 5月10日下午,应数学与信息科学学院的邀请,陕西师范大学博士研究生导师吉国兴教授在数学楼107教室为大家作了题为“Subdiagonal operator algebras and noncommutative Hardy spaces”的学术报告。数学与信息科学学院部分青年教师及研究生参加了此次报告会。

---

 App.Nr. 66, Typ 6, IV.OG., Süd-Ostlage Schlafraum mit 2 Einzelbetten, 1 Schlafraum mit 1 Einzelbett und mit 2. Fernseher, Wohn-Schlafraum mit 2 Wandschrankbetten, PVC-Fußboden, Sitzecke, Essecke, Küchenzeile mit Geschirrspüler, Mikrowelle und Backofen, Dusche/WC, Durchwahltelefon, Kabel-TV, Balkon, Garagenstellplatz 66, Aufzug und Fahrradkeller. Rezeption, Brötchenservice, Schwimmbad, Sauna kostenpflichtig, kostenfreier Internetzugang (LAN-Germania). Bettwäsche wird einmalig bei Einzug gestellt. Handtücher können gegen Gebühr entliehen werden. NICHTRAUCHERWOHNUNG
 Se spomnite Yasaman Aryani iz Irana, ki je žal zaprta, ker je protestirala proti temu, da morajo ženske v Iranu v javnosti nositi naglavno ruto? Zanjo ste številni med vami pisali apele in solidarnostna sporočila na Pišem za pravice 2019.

**Problem statement:** Of the lines above, output exactly those from the line bearing "App.Nr. 66, Typ" through the line bearing "Se spomnite Yasaman", inclusive.

**Solution to the problem:**
 App.Nr. 66, Typ 6, IV.OG., Süd-Ostlage Schlafraum mit 2 Einzelbetten, 1 Schlafraum mit 1 Einzelbett und mit 2. Fernseher, Wohn-Schlafraum mit 2 Wandschrankbetten, PVC-Fußboden, Sitzecke, Essecke, Küchenzeile mit Geschirrspüler, Mikrowelle und Backofen, Dusche/WC, Durchwahltelefon, Kabel-TV, Balkon, Garagenstellplatz 66, Aufzug und Fahrradkeller. Rezeption, Brötchenservice, Schwimmbad, Sauna kostenpflichtig, kostenfreier Internetzugang (LAN-Germania). Bettwäsche wird einmalig bei Einzug gestellt. Handtücher können gegen Gebühr entliehen werden. NICHTRAUCHERWOHNUNG
 Se spomnite Yasaman Aryani iz Irana, ki je žal zaprta, ker je protestirala proti temu, da morajo ženske v Iranu v javnosti nositi naglavno ruto? Zanjo ste številni med vami pisali apele in solidarnostna sporočila na Pišem za pravice 2019.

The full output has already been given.